Incorporada al mundo
civilizado con los valores que hemos tratado de ponderar, Iberoamérica se
presenta ante la historia universal con sus grandes personalidades y la
vergüenza de sus errores, que no son peores que las de muchos poderosos de la
tierra, y aun cuando queda mucho por conquistar, solo podremos hacerlo si
conservamos nuestra originalidad, nuestra personalidad de sello hispánico,
declarando y asumiendo el nombre y el apellido con que nos presentamos ante el
mundo. No lo haremos sometiéndonos a las modas políticas y culturales o
abdicando de nuestra identidad histórica.

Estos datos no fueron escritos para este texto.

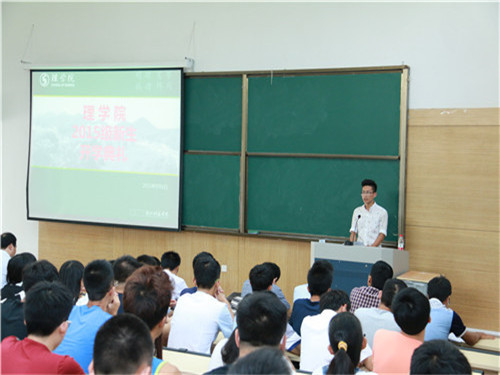 会上,院长陶祥兴发表了热情洋溢的致辞,他向刚跨入大学校园的新生们表示热烈祝贺,并代表学院全体教职工欢迎新生加入理学这个大家庭;也从多角度阐释大学与中学的区别,希望新生们尽快改变中学原有的学习生活模式,以适应大学全新的生活,并希望同学们在四年的学习中要树立自信,不断提升自己的学习能力、不断完善学习方法,制定好学习计划努力前行,把自己培养成为“厚基础、强应用、国际化”的有用之才。两位系主任、老生代表、新生代表也相继在会上精彩发言。院党委书记苗红亚做典礼总结,她认为,进入大学不是结束而是开始,除了学知识,更要学做人。她希望新生们要明确学习目标,学会自我管理,学会自主学习,努力做到校党委提出的“七个一”。
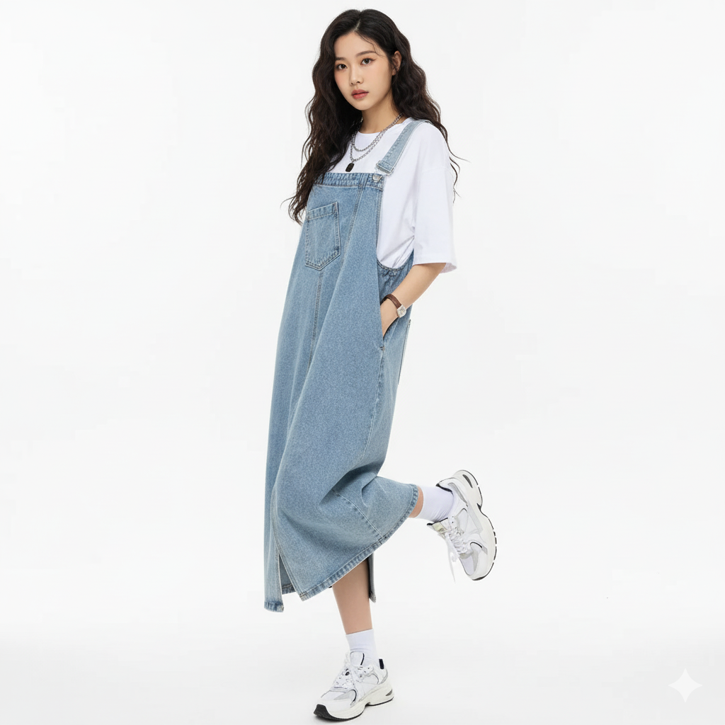 Women Denim Overall Dress Irregular Chest Pocket Side Split Fashion Sleeveless Jeans Dress Spaghetti Strap Dresses Jumper Dress

Dice Zuleta Álvarez: “Conservar la heredad significa adelantar en
la conquista de los ideales que resplandecen en todo lo que Iberoamérica ofrece
al mundo como su contribución más valiosa. Mucho es lo que nos queda por hacer,
dentro de nuestro propio mundo. Hay territorios por integrar, sociedades y
países que aún esperan la plenitud de su independencia y soberanía y millones
de iberoamericanos que aguardan la liberación de las tinieblas de la ignorancia
por medio de la fe y la cultura. Hay una humanidad sometida a la miseria, la
marginación y el abandono, iberoamericanos que todavía no ejercen la plenitud
de sus derechos porque no hemos logrado la organización estable de nuestras
sociedades políticas, dentro de las cuales deberá consolidarse esa convivencia
fraterna en la libertad y la justicia.”
Nos hicieron creer en un supuesto “Fin de la Historia” y en la
sepultura de los relatos y sin embargo, vemos en este principio de siglo
que todo lo que parecía muerto – religiones, regiones, memorias, lenguas,
sueños – estaba intensamente vivo, coincidiendo con todo aquello que
identificará a la modernidad, desde internet hasta un diseño industrial, desde
la fibra óptica hasta un teléfono celular.
De la forma en que coexistan
estas dos realidades, de la voluntad de ensamblarlas sin mutilaciones de ningún
tipo surgirá el perfil de nuestro continente en las próximas décadas.